In his book, Sacred Marriage, Gary Thomas makes the point over and over again that marriage is the place where we learn what it means not only to love not only our spouse, but all people. He says, “Marriage can be the gym, in which our capacity to experience and express God’s love in strengthened and further developed” (page 40). The quote below reminded me of Pastor Mike’s sermon this week about love and the fulfillment of the law. The apostle Paul wrote: “For the whole law is fulfilled in one word: “You shall love your neighbor as yourself” (Gal. 5:14 ESV).
But Christian love is displayed in loving the most difficult ones to love. Best-selling author Philip Yancey writes, “Through the ages Christian saints have chosen the most unDarwinian objects for their love.” This is in response to Jesus’ call that when we hold a banquet, we shouldn’t invite our friends because they might invite us back and repay us for our hospitality. Instead, Jesus said, invite the lame, the paralyzed, the poor, the blind-those who can’t pay you back (see Luke 14).
That’s what’s so difficult about Jesus’ call to love others. On one level, it’s easy to love God, because God doesn’t smell. God doesn’t have bad breath. God doesn’t reward kindness with evil. God doesn’t make berating comments. Loving God is easy, in this sense. But Jesus really let us have it when he attached our love for God with our love for other people.
In the marriage context, we have absolutely no excuse. God lets us choose whom we’re going to love. Because we get the choice and then find it difficult to carry out the love in practice, what grounds do we have to ever stop loving? God doesn’t command us to get married, he offers it to us as an opportunity. Once we enter the marriage relationship, we cannot love God without loving our spouse as well.

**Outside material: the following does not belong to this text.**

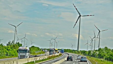 Kleintransporters auf der A9, als ein nachfolgender Lkw auf das Begleitfahrzeug für einen Schwertransport...

Divorce represents our inability to hold to Jesus’ command. It’s giving up on what Jesus calls us to do. If I can’t love my wife, how can I love the homeless man in the library? How can I love the drug addict or the alcoholic? Yes, this spouse might be difficult to love at times, but that’s what marriage is for—to teach us how to love.
Allow your marriage relationship to stretch your love and to enlarge your capacity for love—to teach you to be a Christian (41-42).